• _DIRECTIONS FOR THIS TASK_: The data below is to be transcribed word for word; pictures are to be excluded.

• _DATA BLOCK_:
+ + + + +

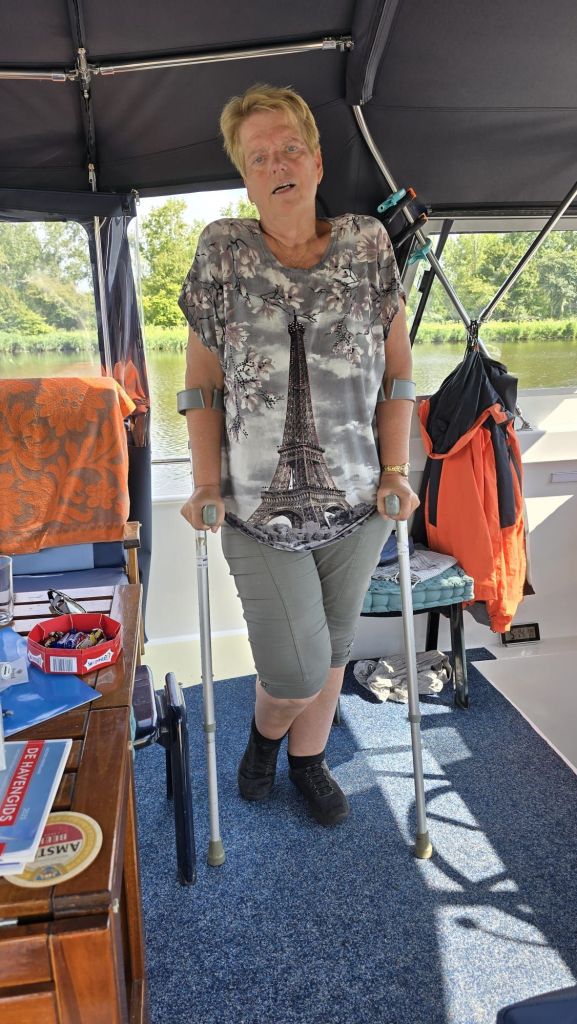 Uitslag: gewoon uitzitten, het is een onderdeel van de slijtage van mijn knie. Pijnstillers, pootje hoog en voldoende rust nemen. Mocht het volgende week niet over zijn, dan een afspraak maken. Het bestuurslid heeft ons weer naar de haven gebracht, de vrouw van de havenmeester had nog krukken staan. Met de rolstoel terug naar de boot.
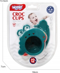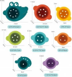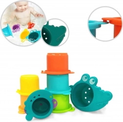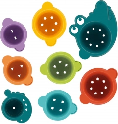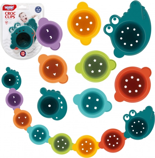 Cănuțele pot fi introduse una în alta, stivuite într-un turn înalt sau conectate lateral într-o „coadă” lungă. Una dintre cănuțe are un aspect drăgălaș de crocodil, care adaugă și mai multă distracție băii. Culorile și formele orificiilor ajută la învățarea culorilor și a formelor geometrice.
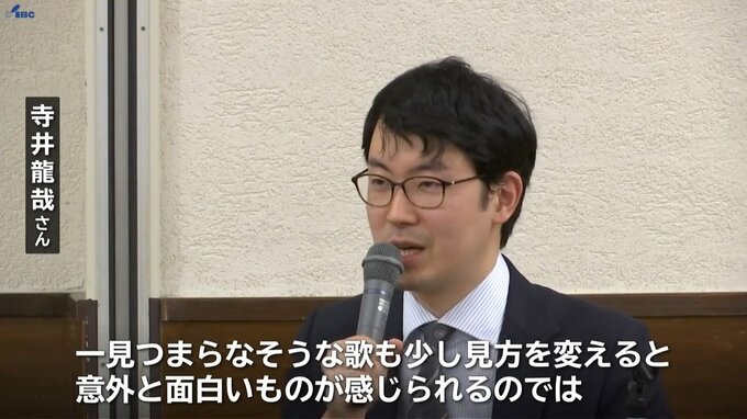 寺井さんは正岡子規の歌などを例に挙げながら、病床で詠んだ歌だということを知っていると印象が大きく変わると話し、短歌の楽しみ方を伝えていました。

+ + + + +

• _TASK ANSWER_:
 Uitslag: gewoon uitzitten, het is een onderdeel van de slijtage van mijn knie. Pijnstillers, pootje hoog en voldoende rust nemen. Mocht het volgende week niet over zijn, dan een afspraak maken. Het bestuurslid heeft ons weer naar de haven gebracht, de vrouw van de havenmeester had nog krukken staan. Met de rolstoel terug naar de boot.
 Cănuțele pot fi introduse una în alta, stivuite într-un turn înalt sau conectate lateral într-o „coadă” lungă. Una dintre cănuțe are un aspect drăgălaș de crocodil, care adaugă și mai multă distracție băii. Culorile și formele orificiilor ajută la învățarea culorilor și a formelor geometrice.
 寺井さんは正岡子規の歌などを例に挙げながら、病床で詠んだ歌だということを知っていると印象が大きく変わると話し、短歌の楽しみ方を伝えていました。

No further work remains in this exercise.